The temporal evolution of the normalized web distance
本文研究归一化网络距离(NWD)随时间的变化能否作为衡量社会赋能进程的元数据技术,并以墨西哥Wirikuta在线运动为例,展示了1994年至2013年间关键词与分类词之间NWD的演化趋势。
Purpose The purpose of this paper is to assess whether the temporal evolution of the normalized web distance ( NWD ) between significant terms concerning, e.g., a case of online activism can be used as a meta-data technique to measure evolution over time of, e.g., progress or decline of social empowerment. Design/methodology/approach The NWD between two terms has been identified as a quantitative measure for semantic proximity, ascertaining a defining relation between them. A trend analysis is made by performing on the internet a time window restrained series measurement of NWD of all combinations of key-terms and classifier-terms.

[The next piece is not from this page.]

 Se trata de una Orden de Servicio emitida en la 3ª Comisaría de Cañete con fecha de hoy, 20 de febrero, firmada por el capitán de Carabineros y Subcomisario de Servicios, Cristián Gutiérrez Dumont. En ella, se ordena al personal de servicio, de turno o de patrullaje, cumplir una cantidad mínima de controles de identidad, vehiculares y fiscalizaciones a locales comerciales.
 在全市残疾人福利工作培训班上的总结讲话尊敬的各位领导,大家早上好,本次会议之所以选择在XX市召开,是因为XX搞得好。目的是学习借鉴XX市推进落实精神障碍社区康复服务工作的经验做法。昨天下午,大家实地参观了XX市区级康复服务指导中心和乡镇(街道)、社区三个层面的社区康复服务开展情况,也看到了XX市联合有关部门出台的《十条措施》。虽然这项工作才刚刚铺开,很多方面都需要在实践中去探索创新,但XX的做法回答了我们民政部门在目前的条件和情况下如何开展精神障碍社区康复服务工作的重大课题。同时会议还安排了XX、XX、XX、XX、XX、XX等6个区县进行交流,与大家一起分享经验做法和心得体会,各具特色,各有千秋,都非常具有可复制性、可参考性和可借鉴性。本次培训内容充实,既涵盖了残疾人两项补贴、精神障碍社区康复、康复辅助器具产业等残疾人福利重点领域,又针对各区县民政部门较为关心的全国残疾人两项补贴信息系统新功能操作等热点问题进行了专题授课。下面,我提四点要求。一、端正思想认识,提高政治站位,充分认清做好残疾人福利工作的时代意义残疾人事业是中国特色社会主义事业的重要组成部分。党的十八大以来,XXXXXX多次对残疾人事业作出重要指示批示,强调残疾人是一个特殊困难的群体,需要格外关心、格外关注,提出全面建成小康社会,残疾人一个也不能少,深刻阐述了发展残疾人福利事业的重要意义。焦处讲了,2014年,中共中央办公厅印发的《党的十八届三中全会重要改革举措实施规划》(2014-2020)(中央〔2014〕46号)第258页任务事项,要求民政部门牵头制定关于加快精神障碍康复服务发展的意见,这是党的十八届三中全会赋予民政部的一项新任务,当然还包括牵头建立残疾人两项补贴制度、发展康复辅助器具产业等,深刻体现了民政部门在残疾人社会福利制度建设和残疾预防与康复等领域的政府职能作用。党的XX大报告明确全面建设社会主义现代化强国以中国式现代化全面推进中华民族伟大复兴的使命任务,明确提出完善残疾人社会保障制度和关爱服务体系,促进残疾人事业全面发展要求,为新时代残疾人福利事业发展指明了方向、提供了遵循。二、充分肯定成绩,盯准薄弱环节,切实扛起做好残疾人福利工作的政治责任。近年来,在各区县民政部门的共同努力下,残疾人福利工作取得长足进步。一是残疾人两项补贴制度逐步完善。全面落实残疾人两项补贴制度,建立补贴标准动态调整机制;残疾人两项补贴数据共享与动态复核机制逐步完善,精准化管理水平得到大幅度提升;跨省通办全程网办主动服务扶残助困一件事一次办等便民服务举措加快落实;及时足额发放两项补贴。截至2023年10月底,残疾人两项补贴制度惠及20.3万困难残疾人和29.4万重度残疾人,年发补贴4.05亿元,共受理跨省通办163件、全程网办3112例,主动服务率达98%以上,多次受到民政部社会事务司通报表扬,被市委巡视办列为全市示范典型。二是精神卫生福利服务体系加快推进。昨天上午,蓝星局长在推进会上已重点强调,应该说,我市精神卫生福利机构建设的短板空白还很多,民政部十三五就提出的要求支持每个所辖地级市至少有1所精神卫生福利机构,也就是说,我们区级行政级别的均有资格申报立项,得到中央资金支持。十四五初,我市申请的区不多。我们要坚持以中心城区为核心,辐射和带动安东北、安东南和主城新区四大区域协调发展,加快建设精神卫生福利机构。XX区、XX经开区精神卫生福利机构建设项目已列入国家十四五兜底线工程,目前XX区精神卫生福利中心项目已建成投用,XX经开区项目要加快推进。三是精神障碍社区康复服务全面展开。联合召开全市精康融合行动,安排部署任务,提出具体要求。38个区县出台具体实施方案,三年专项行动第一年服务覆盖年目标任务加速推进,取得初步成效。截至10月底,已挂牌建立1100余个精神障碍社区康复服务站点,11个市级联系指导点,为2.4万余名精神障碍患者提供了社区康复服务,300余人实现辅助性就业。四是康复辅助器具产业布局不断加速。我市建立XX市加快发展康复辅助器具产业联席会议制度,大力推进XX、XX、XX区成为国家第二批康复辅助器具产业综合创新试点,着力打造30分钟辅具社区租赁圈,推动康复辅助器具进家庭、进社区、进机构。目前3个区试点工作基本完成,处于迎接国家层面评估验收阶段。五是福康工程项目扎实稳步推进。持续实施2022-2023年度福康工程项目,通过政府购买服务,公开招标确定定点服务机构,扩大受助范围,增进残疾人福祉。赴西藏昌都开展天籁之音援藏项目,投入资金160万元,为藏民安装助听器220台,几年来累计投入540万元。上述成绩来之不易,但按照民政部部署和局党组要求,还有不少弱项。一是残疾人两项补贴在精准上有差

Case defining key-terms, positive and negative discourse polarizing classifier-terms, and neutral classifier-terms for negative control need to be determined by discourse analysis of information on a targeted case. An example of NWD evolution from 1994 until 2013 is presented to measure the empowerment effects of the Wirikuta online movement on the Huichol people in Mexico. Findings The application of the NWD temporal evolution method to the Wirikuta case shows a slight but significant semantic change of the key-terms with respect to some of the positive and negative classifier-terms. The neutral classifier correctly shows no significant distance variation, as required for valid application of the method. The method provides indications for a complex image of empowerment of the Huichol identity. Research limitations/implications The accuracy of the method is limited due to short-term and between-user variability of the search tool’s page counts. More reliable access to a web-index will be required for more accurate NWD -based trend analysis. Practical implications The monitoring of temporal NWD evolution provides a potential tool for more comprehensive trend description compared to classical frequency based methods. Originality/value Trend analysis is key to internet research, to which the temporal NWD method provides an innovative contribution.